Formal error-statistical tests provide tools to ensure that errors will be correctly detected with high probabilities“—D. Mayo, p.33, Error and Inference, 2010

In Chapter 1, Deborah Mayo has a direct go at the Bayesian approach. The main criticism is about the Bayesian approach to testing (defined through the posterior probability of the hypothesis, rather than through the predictive) is about the catchall hypothesis, a somehow desultory term replacing the alternative hypothesis. According to Deborah Mayo, this alternative should “include all possible rivals, including those not even though of”  (p.37). This sounds like a weak argument, although it was also used by Alan Templeton in his rebuttal of ABC, given that (a) it should also apply in the frequentist sense, in order to define the probability distribution “when H is false or incorrect” (see, e.g., “probability of so good an agreement (between H and x) calculated under the assumption that H is false”, p.40); (b) a well-defined alternative should be available as testing an hypothesis is very rarely the end of the story: if H is rejected, there should/will be a contingency plan; (c) rejecting or accepting an hypothesis H in terms of the sole null hypothesis H does not make sense from operational as well as from game-theoretic perspectives. The further argument that the posterior probability of H is a direct function of the prior probability of H does not stand against the Bayes factor. (The same applies to the criticism that the Bayesian approach does not accommodate newcomers, i.e., new alternatives.) Stating that “one cannot vouch for the reliability of [this Bayesian] procedure—that it would rarely affirm theory T were T false” (p.37) completely ignores the wealth of results about the consistency of the Bayes factor (since the “asymptotic long run”, p.20, matters in the Error-Statistical philosophy). The final argument that Bayesians rank “theories that fit the data equally well (i.e., have identical likelihoods)” (p.38) does not account for (or dismisses, p.50, referring to Jeffreys and Berger instead of Jefferys and Berger) the fact that Bayes factors are automated Occam’s razors in that the averaging of the likelihoods over spaces of different dimensions are natural advocates of simpler models. Even though I plan to discuss this point in a second post, Deborah Mayo also seems to imply that Bayesians are using the data twice (this is how I interpret the insistance on same p. 50), which is a sin [genuine] Bayesian analysis can hardly be found guilty of!
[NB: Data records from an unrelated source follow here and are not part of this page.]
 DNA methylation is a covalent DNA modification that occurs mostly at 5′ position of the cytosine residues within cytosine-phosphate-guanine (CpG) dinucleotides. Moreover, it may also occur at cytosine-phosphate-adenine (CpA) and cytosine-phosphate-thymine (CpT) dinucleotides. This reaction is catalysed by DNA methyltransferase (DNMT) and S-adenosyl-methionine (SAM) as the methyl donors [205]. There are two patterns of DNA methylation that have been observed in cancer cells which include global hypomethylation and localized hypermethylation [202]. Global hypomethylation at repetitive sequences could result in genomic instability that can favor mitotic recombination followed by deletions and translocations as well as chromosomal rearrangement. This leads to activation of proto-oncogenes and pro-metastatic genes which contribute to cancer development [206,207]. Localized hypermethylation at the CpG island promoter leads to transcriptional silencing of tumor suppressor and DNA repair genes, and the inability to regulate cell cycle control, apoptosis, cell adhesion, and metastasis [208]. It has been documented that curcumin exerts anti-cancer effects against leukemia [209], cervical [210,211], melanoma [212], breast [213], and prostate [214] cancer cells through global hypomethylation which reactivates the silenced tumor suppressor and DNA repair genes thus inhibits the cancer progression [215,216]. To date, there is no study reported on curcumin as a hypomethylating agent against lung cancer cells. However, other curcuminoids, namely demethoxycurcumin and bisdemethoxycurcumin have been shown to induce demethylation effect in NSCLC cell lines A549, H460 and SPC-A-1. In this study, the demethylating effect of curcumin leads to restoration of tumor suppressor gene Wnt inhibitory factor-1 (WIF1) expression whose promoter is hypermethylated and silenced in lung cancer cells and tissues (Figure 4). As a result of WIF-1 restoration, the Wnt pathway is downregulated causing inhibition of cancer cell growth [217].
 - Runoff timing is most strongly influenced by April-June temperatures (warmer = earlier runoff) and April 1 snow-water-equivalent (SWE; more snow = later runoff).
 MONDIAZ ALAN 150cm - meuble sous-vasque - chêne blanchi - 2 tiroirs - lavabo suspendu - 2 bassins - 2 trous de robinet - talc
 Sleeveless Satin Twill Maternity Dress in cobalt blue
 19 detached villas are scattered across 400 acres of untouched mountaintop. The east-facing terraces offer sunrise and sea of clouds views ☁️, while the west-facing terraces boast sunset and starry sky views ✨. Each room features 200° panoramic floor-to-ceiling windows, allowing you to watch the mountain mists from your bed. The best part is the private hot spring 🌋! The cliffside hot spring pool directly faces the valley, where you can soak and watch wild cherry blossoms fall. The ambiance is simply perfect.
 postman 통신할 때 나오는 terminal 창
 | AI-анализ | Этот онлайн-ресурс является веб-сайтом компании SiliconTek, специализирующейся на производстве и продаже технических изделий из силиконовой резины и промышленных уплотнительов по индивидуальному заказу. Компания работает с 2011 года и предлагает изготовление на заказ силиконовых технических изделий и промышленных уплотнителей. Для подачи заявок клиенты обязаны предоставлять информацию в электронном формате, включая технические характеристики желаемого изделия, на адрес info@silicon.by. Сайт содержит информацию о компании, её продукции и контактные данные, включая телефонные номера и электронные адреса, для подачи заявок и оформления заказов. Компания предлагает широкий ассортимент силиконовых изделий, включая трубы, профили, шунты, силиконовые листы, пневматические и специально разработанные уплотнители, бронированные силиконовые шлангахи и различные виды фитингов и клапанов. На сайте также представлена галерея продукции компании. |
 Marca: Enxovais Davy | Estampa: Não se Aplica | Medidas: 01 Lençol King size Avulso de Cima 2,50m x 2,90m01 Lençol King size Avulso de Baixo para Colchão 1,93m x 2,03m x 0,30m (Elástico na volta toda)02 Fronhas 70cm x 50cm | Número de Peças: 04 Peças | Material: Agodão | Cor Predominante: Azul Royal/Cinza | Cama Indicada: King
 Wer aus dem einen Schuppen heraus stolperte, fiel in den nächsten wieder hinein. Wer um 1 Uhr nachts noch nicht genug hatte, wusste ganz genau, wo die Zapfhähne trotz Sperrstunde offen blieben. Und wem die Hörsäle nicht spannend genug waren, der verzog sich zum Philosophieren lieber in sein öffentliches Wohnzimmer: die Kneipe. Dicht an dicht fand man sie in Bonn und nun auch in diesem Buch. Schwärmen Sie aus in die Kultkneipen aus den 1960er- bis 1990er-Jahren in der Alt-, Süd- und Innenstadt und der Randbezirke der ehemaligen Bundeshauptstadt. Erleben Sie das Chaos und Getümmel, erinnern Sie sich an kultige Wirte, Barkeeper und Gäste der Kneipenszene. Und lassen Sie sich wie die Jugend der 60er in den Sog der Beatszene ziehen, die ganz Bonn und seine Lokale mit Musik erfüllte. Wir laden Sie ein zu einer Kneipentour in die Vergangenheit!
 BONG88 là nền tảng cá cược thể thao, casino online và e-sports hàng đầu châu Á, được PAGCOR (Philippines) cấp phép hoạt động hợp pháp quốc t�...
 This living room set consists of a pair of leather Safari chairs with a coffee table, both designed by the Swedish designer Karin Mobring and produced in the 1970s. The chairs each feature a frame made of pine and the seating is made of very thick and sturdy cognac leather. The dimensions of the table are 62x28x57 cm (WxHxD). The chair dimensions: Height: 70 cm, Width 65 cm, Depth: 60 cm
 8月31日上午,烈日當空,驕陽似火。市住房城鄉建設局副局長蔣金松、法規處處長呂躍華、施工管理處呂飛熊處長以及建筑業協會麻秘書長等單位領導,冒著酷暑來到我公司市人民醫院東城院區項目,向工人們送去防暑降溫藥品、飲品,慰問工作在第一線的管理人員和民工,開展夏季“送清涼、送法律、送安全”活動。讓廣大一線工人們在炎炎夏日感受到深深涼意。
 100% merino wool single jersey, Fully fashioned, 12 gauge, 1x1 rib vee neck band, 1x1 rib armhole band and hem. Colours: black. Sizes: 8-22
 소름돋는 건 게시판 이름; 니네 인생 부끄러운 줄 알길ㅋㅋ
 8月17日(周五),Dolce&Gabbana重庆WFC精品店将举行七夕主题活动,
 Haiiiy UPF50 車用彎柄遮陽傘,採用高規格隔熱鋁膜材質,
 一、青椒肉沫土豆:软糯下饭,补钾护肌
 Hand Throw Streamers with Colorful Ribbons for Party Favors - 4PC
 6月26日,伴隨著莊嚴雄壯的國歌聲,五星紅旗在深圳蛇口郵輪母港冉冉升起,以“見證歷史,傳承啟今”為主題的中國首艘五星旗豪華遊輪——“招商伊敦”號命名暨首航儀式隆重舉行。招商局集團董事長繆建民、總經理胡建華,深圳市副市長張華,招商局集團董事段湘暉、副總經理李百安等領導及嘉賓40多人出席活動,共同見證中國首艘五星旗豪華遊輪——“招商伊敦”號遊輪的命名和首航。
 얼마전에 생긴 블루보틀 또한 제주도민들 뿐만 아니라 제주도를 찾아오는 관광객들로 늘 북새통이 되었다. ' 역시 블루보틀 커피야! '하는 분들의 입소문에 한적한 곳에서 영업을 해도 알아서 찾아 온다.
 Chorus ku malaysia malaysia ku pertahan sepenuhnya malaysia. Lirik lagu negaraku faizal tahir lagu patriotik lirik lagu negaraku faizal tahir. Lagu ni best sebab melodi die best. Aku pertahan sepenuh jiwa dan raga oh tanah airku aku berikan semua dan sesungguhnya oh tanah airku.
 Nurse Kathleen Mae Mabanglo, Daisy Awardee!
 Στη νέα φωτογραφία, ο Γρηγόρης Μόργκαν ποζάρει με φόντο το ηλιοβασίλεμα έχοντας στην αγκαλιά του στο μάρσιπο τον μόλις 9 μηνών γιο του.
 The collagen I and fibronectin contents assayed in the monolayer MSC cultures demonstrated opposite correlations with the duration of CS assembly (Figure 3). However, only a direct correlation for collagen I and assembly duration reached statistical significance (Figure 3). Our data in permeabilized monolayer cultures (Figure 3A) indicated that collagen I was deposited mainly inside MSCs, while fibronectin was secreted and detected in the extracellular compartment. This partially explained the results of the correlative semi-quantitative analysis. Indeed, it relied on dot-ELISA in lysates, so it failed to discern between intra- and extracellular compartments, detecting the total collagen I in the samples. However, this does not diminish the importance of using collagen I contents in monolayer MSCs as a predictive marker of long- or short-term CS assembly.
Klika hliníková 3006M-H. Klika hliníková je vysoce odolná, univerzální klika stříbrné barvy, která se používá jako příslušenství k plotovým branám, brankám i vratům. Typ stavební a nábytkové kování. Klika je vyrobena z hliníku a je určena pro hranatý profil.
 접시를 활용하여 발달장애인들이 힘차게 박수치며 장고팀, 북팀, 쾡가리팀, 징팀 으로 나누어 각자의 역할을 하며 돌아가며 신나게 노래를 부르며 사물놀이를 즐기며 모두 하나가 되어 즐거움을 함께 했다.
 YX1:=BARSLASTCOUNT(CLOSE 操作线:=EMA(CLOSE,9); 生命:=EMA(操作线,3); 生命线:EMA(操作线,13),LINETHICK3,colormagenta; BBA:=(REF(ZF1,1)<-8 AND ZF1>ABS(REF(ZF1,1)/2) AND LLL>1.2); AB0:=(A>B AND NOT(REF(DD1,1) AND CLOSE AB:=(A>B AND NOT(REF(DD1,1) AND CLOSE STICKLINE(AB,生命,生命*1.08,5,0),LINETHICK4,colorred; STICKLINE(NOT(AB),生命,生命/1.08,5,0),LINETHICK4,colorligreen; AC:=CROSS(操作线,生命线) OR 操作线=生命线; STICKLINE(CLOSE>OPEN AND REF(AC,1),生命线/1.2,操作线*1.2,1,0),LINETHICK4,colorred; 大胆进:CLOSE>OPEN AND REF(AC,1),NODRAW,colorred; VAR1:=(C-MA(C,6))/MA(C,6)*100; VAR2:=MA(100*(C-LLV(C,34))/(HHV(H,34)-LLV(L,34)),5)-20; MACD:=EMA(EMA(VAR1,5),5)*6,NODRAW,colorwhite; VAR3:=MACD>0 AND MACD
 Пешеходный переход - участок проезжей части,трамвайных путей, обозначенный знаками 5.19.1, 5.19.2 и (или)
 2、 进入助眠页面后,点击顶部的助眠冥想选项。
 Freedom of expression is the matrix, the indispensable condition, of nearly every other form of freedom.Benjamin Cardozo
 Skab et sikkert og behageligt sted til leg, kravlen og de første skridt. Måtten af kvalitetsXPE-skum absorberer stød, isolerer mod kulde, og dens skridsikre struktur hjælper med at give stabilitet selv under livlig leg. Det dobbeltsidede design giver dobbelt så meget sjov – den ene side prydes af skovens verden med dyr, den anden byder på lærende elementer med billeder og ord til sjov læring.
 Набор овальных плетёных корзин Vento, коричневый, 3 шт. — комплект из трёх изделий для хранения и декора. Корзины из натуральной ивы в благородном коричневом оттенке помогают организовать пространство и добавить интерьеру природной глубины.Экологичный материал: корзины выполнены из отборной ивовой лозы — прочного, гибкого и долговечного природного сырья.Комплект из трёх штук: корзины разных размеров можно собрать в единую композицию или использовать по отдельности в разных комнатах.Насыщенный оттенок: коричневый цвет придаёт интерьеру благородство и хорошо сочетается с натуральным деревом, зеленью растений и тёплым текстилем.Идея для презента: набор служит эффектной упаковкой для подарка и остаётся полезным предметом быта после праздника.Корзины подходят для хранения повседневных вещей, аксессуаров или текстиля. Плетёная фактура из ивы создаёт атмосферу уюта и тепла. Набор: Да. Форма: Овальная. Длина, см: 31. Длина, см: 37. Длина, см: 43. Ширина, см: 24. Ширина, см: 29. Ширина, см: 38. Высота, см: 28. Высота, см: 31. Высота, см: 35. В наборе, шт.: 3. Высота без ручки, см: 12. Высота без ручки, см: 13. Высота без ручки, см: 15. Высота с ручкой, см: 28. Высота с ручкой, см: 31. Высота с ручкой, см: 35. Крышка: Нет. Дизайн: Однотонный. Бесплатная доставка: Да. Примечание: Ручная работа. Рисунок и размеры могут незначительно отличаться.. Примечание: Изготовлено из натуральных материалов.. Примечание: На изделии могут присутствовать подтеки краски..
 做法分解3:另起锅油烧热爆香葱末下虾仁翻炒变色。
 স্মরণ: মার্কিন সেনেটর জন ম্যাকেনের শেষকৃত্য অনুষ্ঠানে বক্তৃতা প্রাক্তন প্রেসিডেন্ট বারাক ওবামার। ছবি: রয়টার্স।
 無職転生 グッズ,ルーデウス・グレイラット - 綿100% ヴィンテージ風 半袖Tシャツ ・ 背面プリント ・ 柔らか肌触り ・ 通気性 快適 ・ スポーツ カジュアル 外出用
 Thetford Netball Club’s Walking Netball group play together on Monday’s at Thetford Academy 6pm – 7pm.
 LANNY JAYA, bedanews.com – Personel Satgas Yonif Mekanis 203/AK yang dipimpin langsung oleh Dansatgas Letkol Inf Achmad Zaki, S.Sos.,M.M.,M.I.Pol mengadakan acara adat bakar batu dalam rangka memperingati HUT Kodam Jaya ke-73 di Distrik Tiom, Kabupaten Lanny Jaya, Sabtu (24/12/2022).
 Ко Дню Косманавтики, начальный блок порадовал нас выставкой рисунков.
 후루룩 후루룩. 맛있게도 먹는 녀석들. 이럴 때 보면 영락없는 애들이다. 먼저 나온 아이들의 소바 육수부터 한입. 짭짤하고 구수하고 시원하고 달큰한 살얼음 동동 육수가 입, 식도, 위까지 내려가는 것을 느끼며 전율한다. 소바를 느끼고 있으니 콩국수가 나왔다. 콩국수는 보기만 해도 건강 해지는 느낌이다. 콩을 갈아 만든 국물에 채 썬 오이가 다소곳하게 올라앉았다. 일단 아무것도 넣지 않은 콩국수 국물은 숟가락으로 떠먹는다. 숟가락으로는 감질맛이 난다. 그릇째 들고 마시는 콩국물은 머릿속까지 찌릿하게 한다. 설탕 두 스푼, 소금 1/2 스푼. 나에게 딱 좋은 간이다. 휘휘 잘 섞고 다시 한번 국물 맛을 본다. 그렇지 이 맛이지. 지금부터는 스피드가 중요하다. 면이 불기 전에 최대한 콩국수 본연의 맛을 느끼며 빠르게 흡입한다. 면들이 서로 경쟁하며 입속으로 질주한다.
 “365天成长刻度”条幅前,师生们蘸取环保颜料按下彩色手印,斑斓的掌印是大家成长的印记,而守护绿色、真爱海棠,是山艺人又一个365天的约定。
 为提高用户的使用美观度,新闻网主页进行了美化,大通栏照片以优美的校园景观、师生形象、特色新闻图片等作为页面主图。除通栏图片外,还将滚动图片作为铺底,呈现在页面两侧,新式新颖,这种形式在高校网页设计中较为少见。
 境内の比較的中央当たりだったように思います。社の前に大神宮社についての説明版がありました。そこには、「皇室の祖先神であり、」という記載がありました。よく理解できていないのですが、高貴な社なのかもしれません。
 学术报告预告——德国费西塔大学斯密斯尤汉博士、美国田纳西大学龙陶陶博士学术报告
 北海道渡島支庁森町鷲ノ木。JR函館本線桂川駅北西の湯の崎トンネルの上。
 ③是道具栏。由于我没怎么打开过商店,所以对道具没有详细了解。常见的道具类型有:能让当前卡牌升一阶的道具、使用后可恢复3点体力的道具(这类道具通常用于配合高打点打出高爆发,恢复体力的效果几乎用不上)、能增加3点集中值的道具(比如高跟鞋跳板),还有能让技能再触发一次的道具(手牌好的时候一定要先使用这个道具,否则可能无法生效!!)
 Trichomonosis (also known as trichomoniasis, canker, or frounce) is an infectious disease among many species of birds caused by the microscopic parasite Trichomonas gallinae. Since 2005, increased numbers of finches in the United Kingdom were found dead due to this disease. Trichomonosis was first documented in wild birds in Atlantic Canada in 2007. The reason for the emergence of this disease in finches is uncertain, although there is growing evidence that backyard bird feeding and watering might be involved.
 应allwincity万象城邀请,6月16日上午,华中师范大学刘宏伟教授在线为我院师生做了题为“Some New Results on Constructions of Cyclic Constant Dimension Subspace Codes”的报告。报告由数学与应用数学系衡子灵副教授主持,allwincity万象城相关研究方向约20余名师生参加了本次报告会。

As pointed out by Adam La Caze in Notre-Dame Philosophical Reviews:

An exchange on Bayesian philosophy of science or Bayesian statistics would have been a welcome addition and would have benefited the dual goals of the volume. Bayesian philosophy of science and Bayesian statistics are a constant foil to Mayo’s work, but neither approach is given much of a voice. An exchange on Bayesian philosophy of science is made all the more relevant by the strength of Mayo’s challenge to a Bayesian account of theory appraisal. A virtue of the error-statistical account is its ability to capture the kind of detailed arguments that scientists make about data and the methods they employ to arrive at reliable inferences. Mayo clearly thinks that Bayesians are unable to supplement their view with any sort of prospective account of such methods. This seems contrary to practice where scientists make similar methodological arguments whether they utilise frequentist or Bayesian approaches to statistical inference. Indeed, Bayesian approaches to study design and statistical inference play a significant (and increasing) role in many sciences, often alongside frequentist approaches (clinical drug development provides a prominent example). It would have been interesting to see what, if any, common ground could be reached on these approaches to the philosophy of science (even if very little common ground seems possible in terms of their competing approach to statistical inference).